Вера согласно кивала головой, оглаживая руки, пальцы, будто желая вытереть из пор кожи и из шрамов от стружки въевшуюся черноту от мазута и окалины.

«Господи! Руки-то, как у кузнеца», – с удивлением подумала Ефросинья Михайловна и спросила с сочувствием:

– Работа-то как, очень тяжёлая?

Вера опустила руки.

– Ничего, притерпелась…

Поели быстро. Особенно Вера. Того другого нехитрого угощения попробовала и наелась. Ефросинья Михайловна даже всплеснула руками.

– Ты пошто этак-то? Поклевала, как галчонок, и уже готова? Нет, ешь!

– Наелась я, правда, – засмеялась Вера. – Мне много не надо.

Ефросинья Михайловна с напускной обидой стала упрекать:

– Ано конешно, наши харчи не то, что городские. Но, извиняй, чем богаты…

– Да что ты, мама! Я вкуснее, чем у тебя, и не едала.

– Ага, сказывай, видали мы вашего брата. Тоська Середкина давеча приезжала, так Пелагия не знала, чем и угостить. От молока ей живот дует, от пирогов с луком в нос отдаёт…

– Тося была в отпуске? – удивилась Вера. – Как я по ней соскучилась. Где она работает?

– Под Красноярском где-то. Второй раз уже приезжает. Расфуфыренная, разодетая, чисто боярышня, – и посмотрела оценивающе на дочь. – Ты-то пошто без нарядов? – матери даже немного было обидно, неудобно перед деревенскими за свою горожанку. – Справила бы себе платьице поновей, али костюмчик, шляпку… – Ефросинья Михайловна ещё хотела что-то добавить, увлекаясь образом, что успела набросать мечтательная женская натура. Но тихий, как будто бы сторонний, голос приземлил её.

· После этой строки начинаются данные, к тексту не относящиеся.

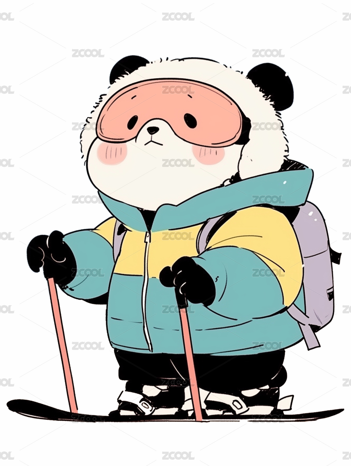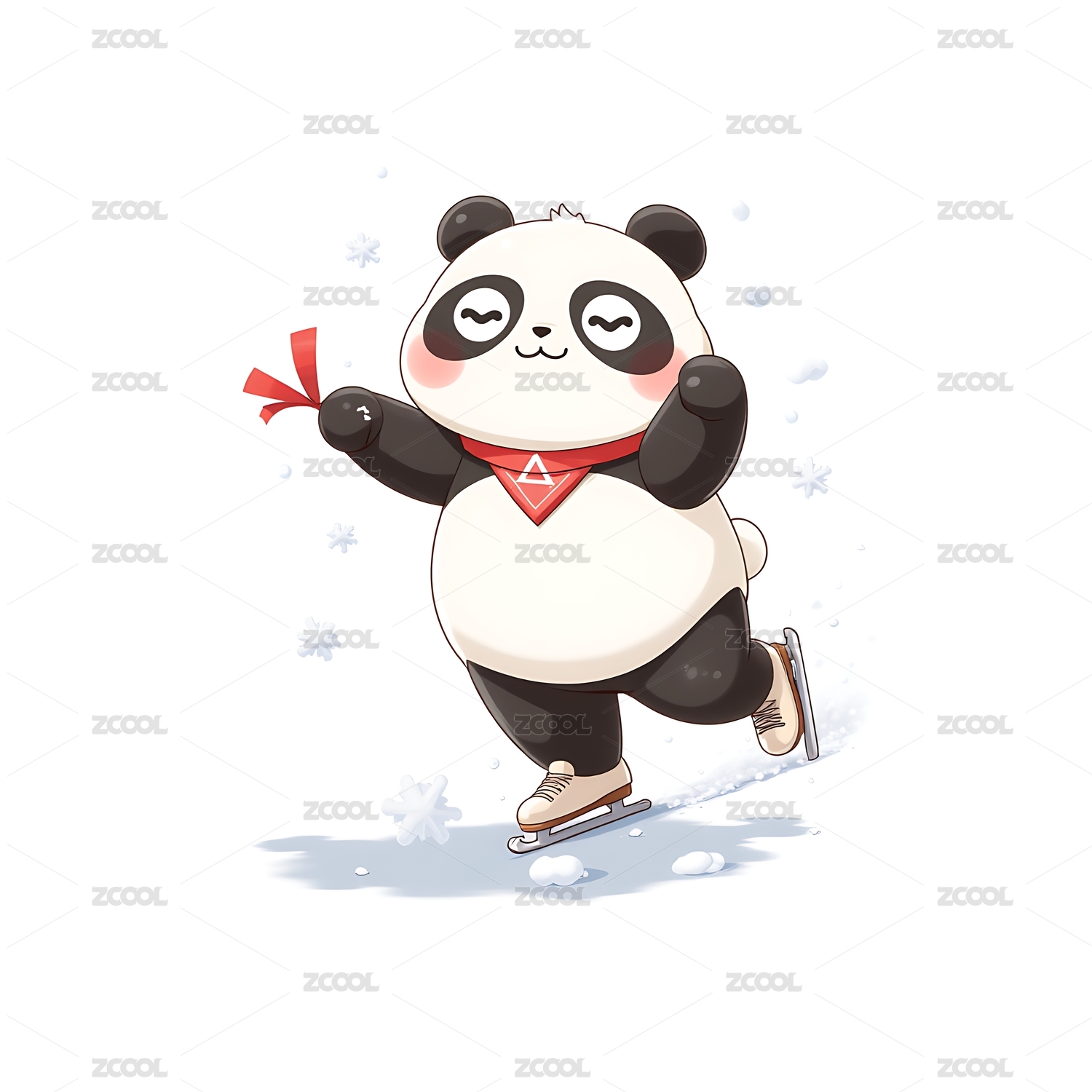 熊猫滑冰卡通插画

– Да как-то не на что было одеваться, мама…

Ефросинья Михайловна задохнулась на полуслове, будто хватила горячего.

«Ой! Что это я?» – опомнилась мать.

Ей вдруг с острой очевидностью стала понятной та причина, которая не давала её девочке вдоволь наедаться, наряжаться, беззаботно жить. Это та суровая ниточка, что крепко связывала их вместе, в один узелок, все эти долгие годы войны.

– Прости, Веруня!.. – Ефросинья Михайловна, присев перед дочерью, уронила голову ей на колени. – Прости, доченька…

У матери затряслись плечи, и из груди вырвался сдавленный стон. Вся добродетель, что проявляла дочь к ней, к ним, теперь обернулась материнской болью и страданием.

Вера виновато улыбалась, нежно поглаживая уже седеющую голову матери.

4

Пришли с силоса Надя и Игнат. В доме запахло ароматом луговых трав.

– А это… чё вы тут делаете? – спросил подросток, не признав старшей сестры.

Ефросинья Михайловна торопливо поднялась с колен и, вытирая подолом передника лицо, сказала с придыханием:

– На радостях это мы. Веруня приехала.

Первой к Вере подбежала Надя. Обнялись, смеясь, расцеловались.

Игнат смотрел на сестёр и не спешил с поцелуями – не мужское это дело, – хотя едва сдерживал желание броситься сестре в объятия.

Вера сама подошла к нему, пригнула его голову к себе, поцеловала в вихор.

– Какой большой стал и сердитый, – потеребила соломенные волосы брата. – Ну, нá тебе за это подарок, – подошла к чемодану, открыла и вытащила из него чёрные ситцевые штаны, шаровары!

Игнат, обрадовано заулыбавшись, принял их и прикинул на себя – таких ни у кого в деревне нет! Последний крик моды.

– Я вам с Лёнькой одинаковые привезла.

– Спасибо, Верунчик! – крикнул подросток и побежал в горницу, на ходу расстегивая свои латанные-перелатанные штаны, которые ни грех было бы пустить на половую тряпку.

– А это тебе, Надейка, кофточка. Не знаю, в пору ли? По себе прикидывала. Мы теперь с тобой не больно-то разные.

Надя взяла кофточку, она оказалась шелковой, прижала к губам и глубоко-глубоко вдохнула. Какие же подарки сладко духмяные!

Выскочил из горницы Игнат и закружился. Куда девалась взрослость…

– Ну, как? – восторженно спрашивал он, разводя широкие штанины в стороны. – Лихо?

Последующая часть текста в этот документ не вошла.